*Input data:*
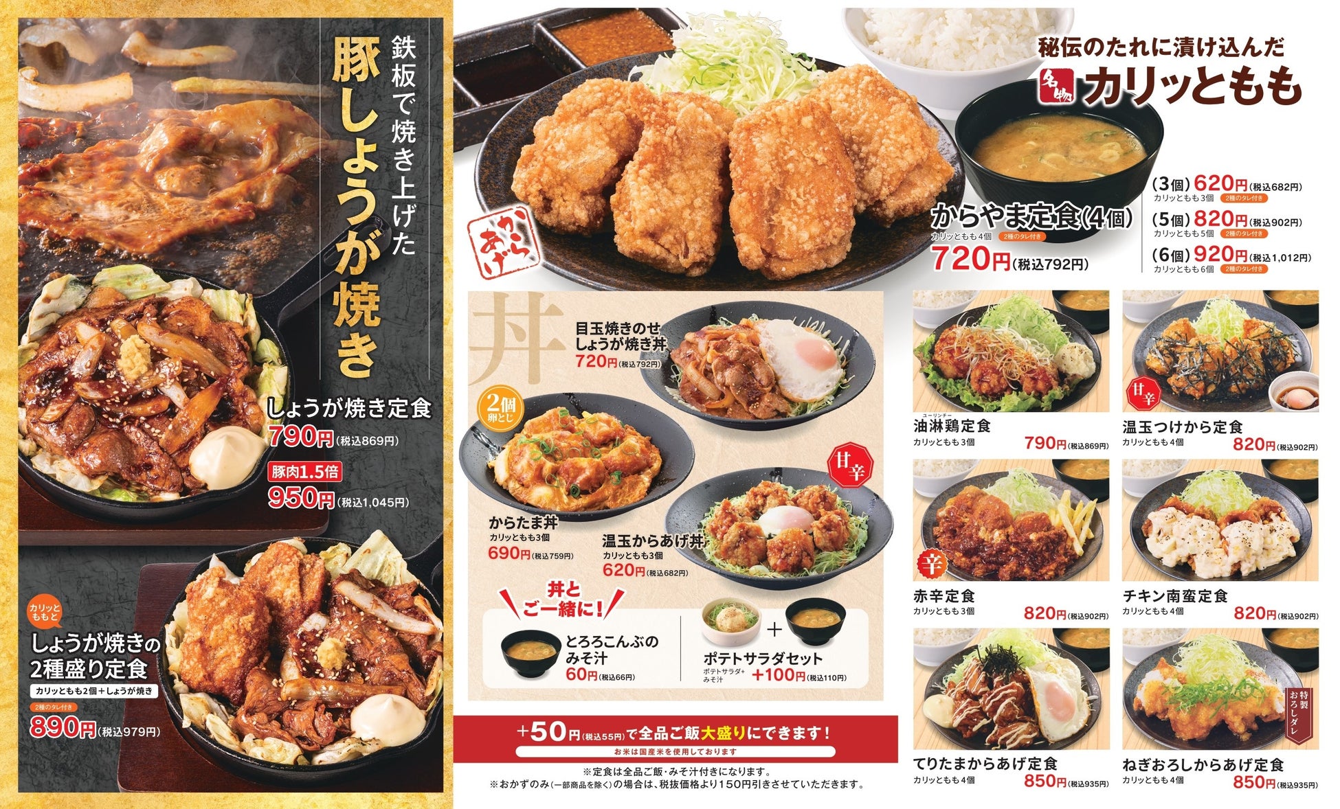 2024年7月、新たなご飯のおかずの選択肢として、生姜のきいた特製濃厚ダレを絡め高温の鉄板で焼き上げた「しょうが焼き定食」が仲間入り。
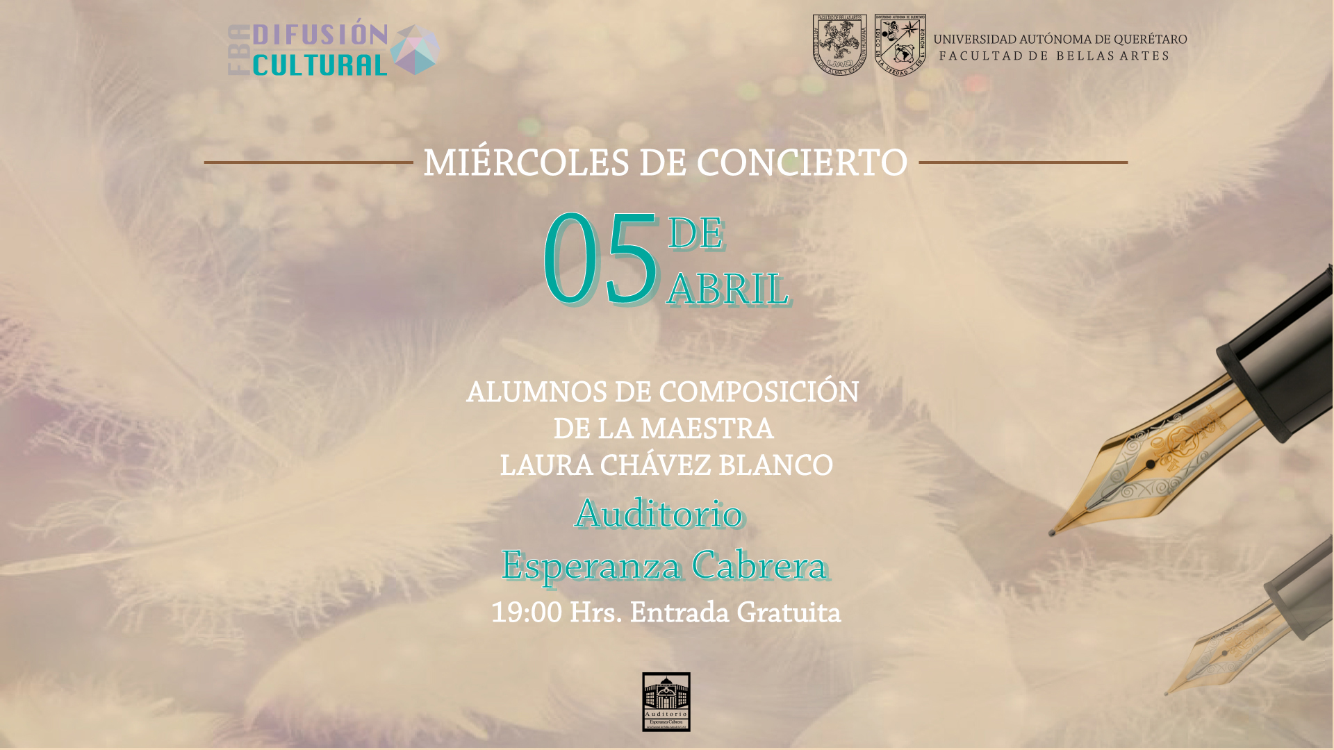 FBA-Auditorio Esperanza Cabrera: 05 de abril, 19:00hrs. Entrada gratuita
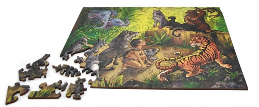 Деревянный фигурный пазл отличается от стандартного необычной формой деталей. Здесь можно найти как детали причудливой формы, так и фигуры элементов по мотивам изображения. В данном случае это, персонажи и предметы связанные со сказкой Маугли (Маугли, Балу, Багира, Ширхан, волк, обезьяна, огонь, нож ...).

*What to work on:* Return all the material exactly, skipping pictures.

*Result for this exercise:*
 2024年7月、新たなご飯のおかずの選択肢として、生姜のきいた特製濃厚ダレを絡め高温の鉄板で焼き上げた「しょうが焼き定食」が仲間入り。
 FBA-Auditorio Esperanza Cabrera: 05 de abril, 19:00hrs. Entrada gratuita
 Деревянный фигурный пазл отличается от стандартного необычной формой деталей. Здесь можно найти как детали причудливой формы, так и фигуры элементов по мотивам изображения. В данном случае это, персонажи и предметы связанные со сказкой Маугли (Маугли, Балу, Багира, Ширхан, волк, обезьяна, огонь, нож ...).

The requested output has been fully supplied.